Conselho Federal da OAB discute participação de advogados estrangeiros no Brasil
O conselheiro federal da Ordem dos Advogados do Brasil (OAB) pela Bahia, Marcelo Cintra Zarif, será relator da proposição que trata que trata sobre os limites éticos da cooperação e associação entre sociedades de consultores estrangeiros e sociedades brasileiras de advogados na sessão plenária do Conselho Federal da OAB desta segunda-feira (22). A reunião será conduzida pelo presidente da Ordem, Ophir Cavalcante e contará com a participação dos 81 conselheiros da OAB, além de sua diretoria nacional e os membros honorários vitalícios da entidade. Ainda está na pauta a analise de outros 47 processos.

O relator apresentará pareceres de juristas renomados sobre o tema para embasar a discussão do tema. Além disso, serão discutidos também os resultados da audiência pública realizada em maio deste ano pelo Conselho Federal que discutiu a atuação de advogados estrangeiros no Brasil. Na época, o ex-conselheiro federal da OAB, Sérgio Ferraz, que participou da Comissão criadora do Provimento 91/2000 – que disciplina o exercício da atividade de consultores e sociedades de consultores em direito estrangeiro no país –, afirmou que desde 2000, a afluência de grandes bancas de advocacia estrangeira atuar no país já era grande.

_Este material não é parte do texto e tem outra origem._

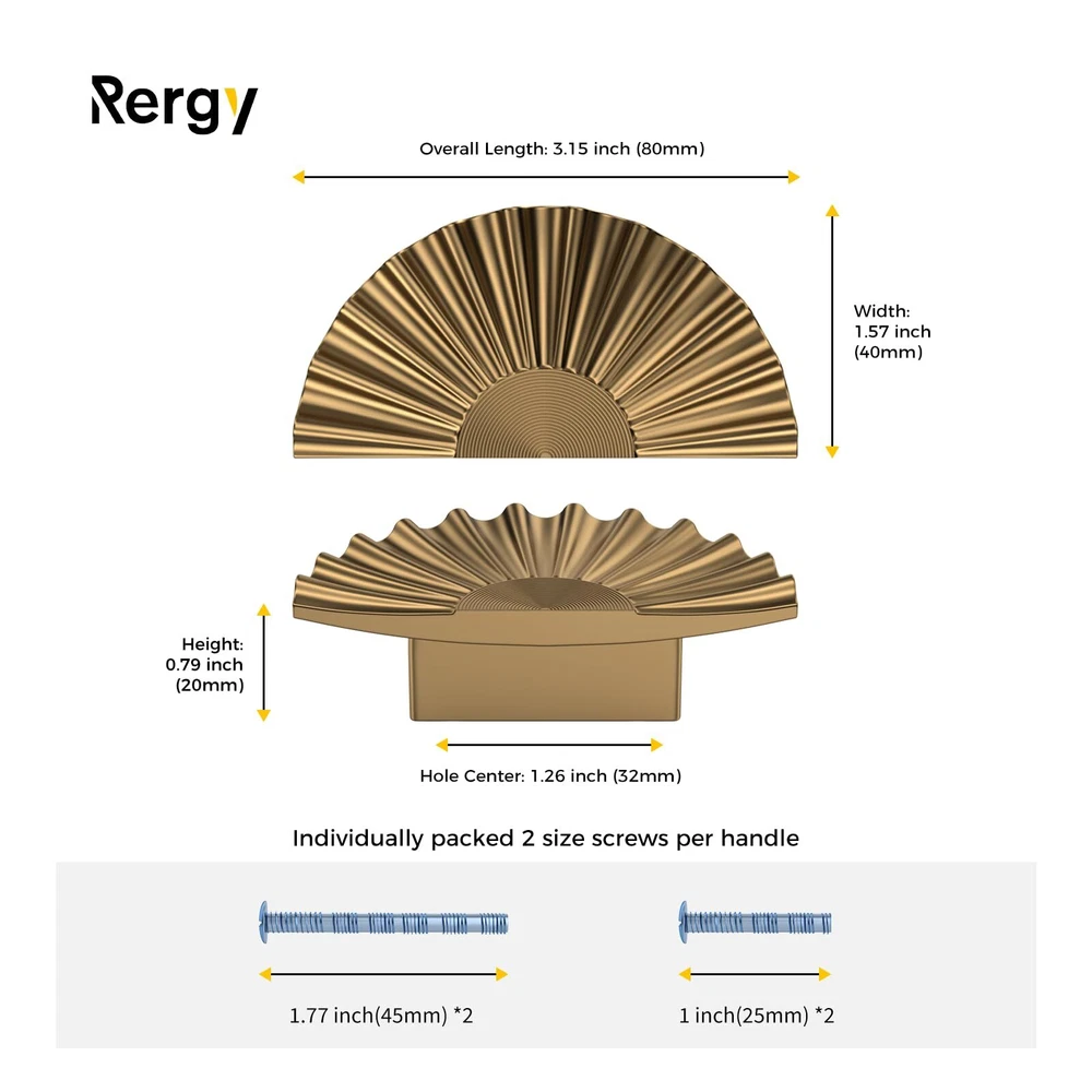 cabinet knobs [Detailed size]: The hole distance is 1.26in (32mm), the total length is 3.15in (80mm), the radius is 1.57in (40mm), and the height is 0.79inch (20mm). [Elegant shape]: Our champagne Bronze handle adopts a special semi -circular design. You can design and install methods according to your needs. No matter how you install it, it will not lose elegance. [Packaging content]: You will receive 6 packs champagne Bronze cabinet pulls with 12 installation screws 1Inch (25mm) and 12 bamboo -fled installation screws 1.77inch (45mm). [Durable and durable]: The kitchen drawer handle is made of strong zinc alloy. The alloy has high corrosion resistance and rust. Therefore, you don't have to worry about the life of the handle at all. [After -sales service]: Perfect products and after -sales service are our goals. If you are not satisfied with our brushed bronze cabinets, please contact us at any time. We will refund or replace you. Don't hesitate, buy immediately!

Ainda foi defendido na audiência, pelo vice-presidente do Conselho Geral da Advocacia Espanhola, Joaquim Garcia-Romanillos, o aprofundamento das relações e acordos entre sociedades de advogados espanholas e brasileiras. Para Romanillos, é preciso respeitar o princípio da reserva da habilitação. O então presidente da Federação Interamericana de Advogados (FIA), André de Almeida, afirmou que os advogados brasileiros não perderão seu protagonismo, mesmo com um possível reajuste do mercado.

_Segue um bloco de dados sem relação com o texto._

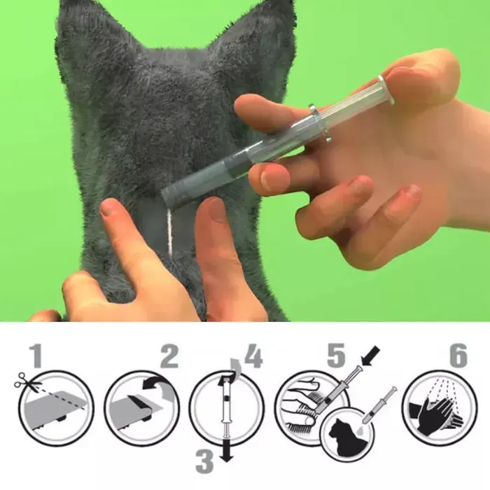 - слід уникати миття тварини шампунем протягом 2 днів після нанесення, оскільки ефективність не має даних випробувань у цьому випадку
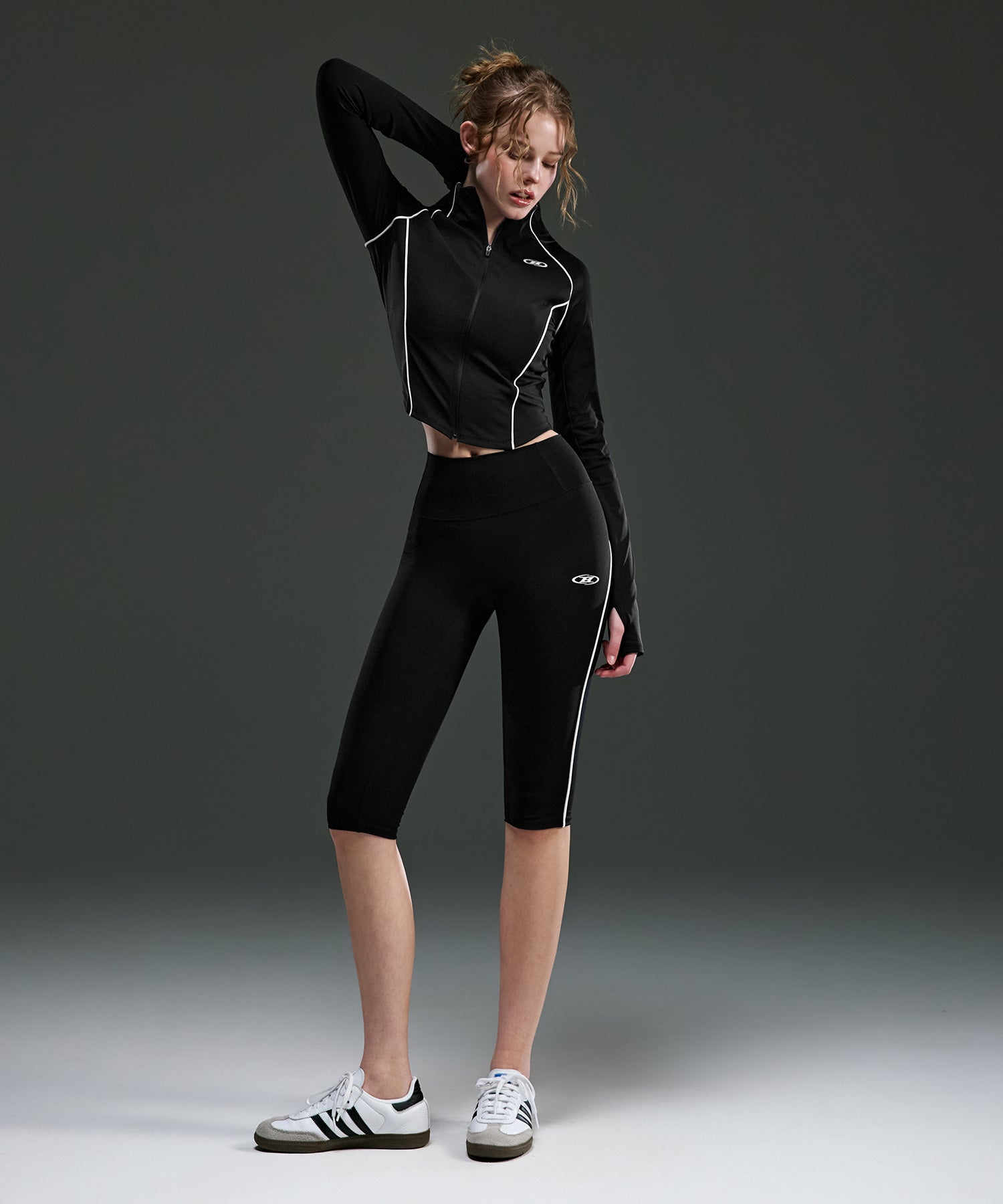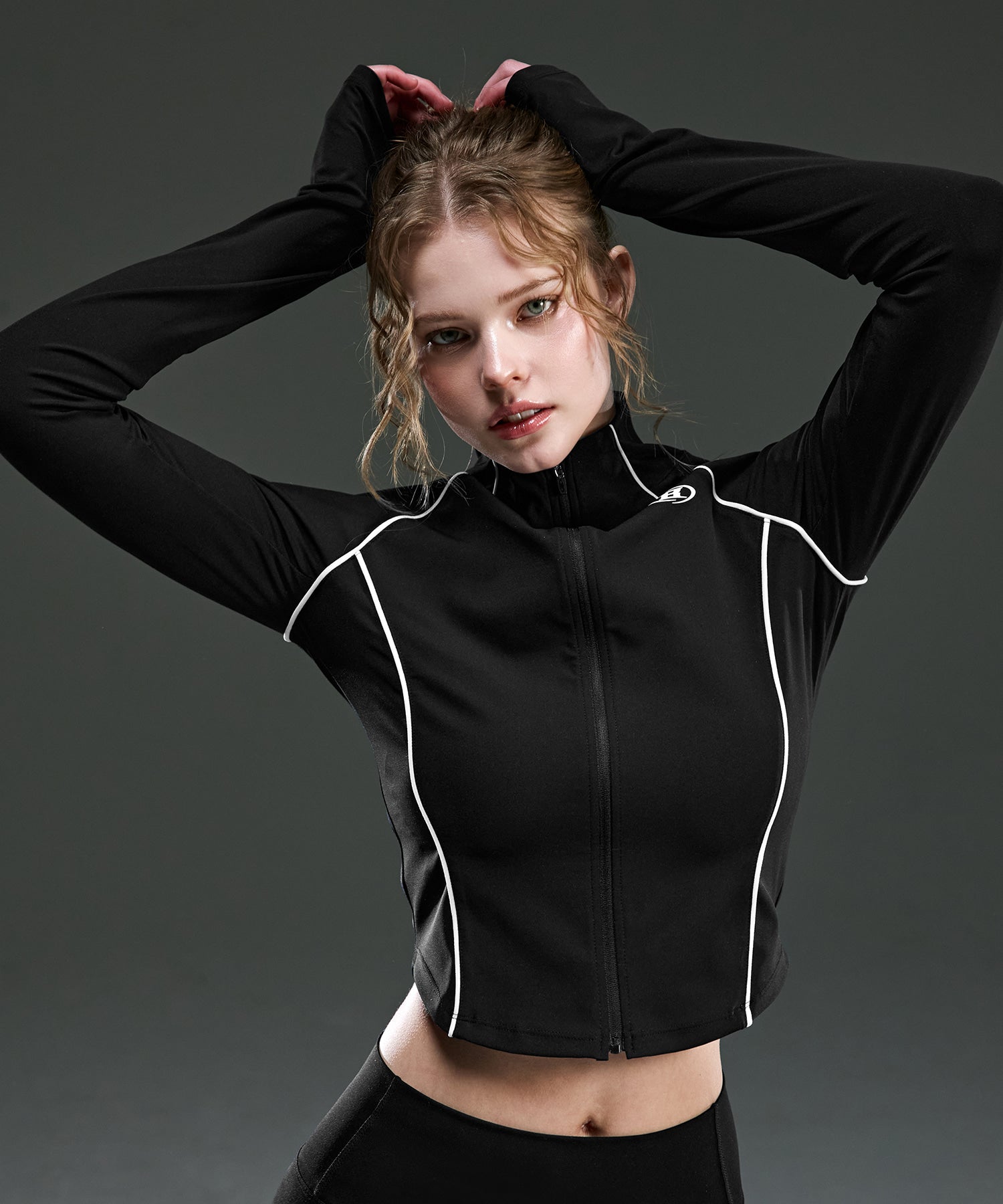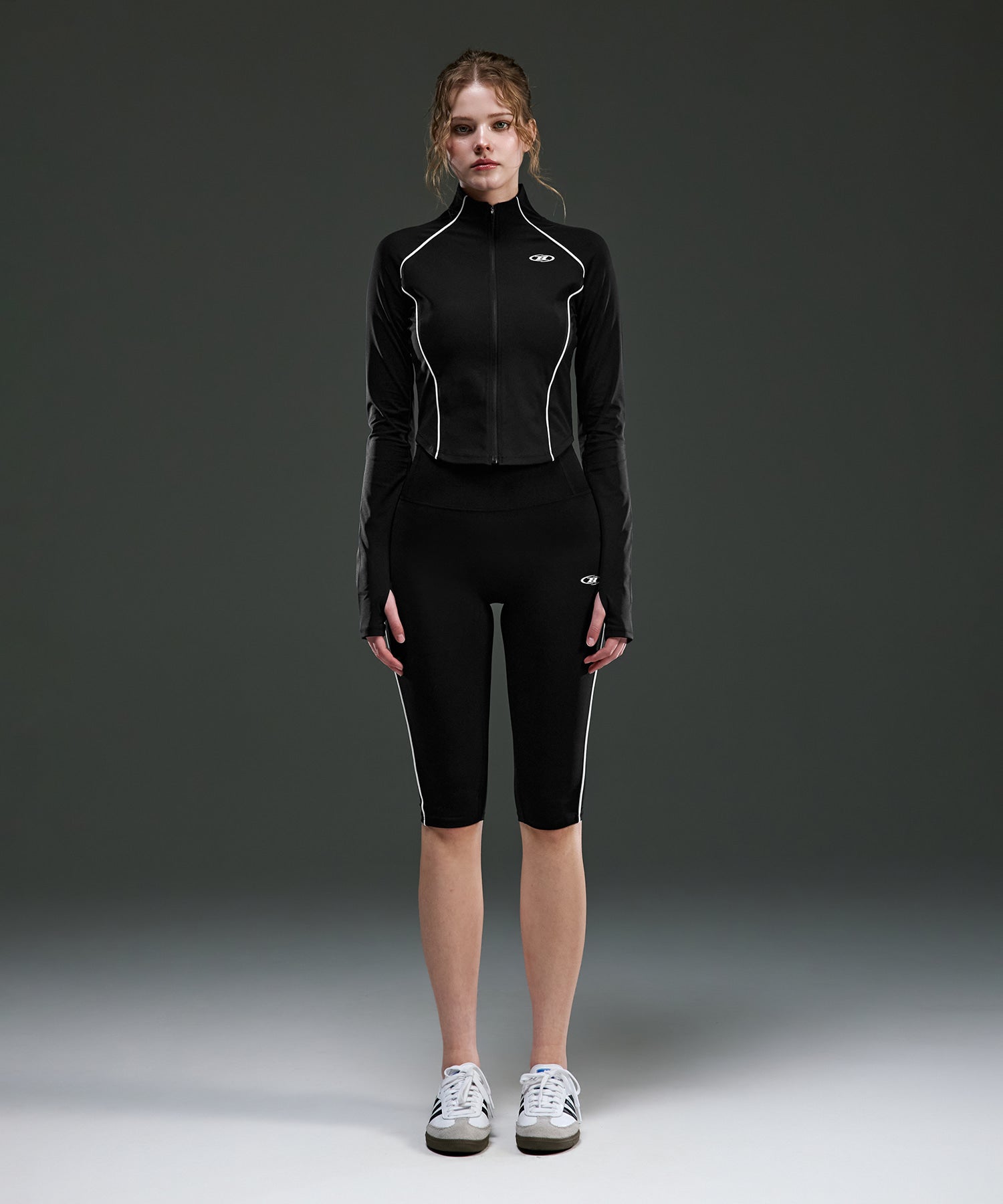 【予約販売:ご注文より1~3週間後に発送予定】W SYMBOL B PIPING FULL ZIP-UP JACKET [BLACK]

O tema ainda gera controvérsias. O Sindicato das Sociedades de Advogados dos Estados de São Paulo e Rio de Janeiro condenam a extensão das associações estrangeiras à atuação no Brasil, por não haver reciprocidade entre as partes. Para Augusto Aras, membro da Comissão Nacional de Direitos Difusos e Coletivos da OAB Nacional, é preciso preservar a independência e a autonomia dos advogados. Cezar Britto, presidente da Comissão de Relações Internacionais da OAB, acredita que o Provimento 91 atende a demanda da advocacia no que se refere à consultoria.